**About this task:**
The reply should contain the full listing exactly as written and no pictures at all.

**Data shown:**
------
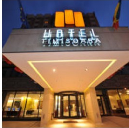
Hotel Timisoara 4*
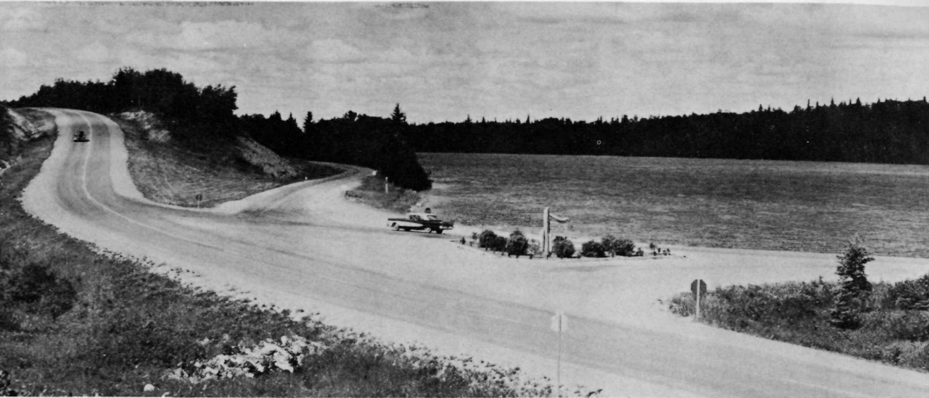
East End of Clear Lake

Issued under the authority of THE HONOURABLE ALVIN HAMILTON, P.C., M.P. Minister of Northern Affairs and National Resources
------
**Solution to this problem:**
Hotel Timisoara 4*
East End of Clear Lake

Issued under the authority of THE HONOURABLE ALVIN HAMILTON, P.C., M.P. Minister of Northern Affairs and National Resources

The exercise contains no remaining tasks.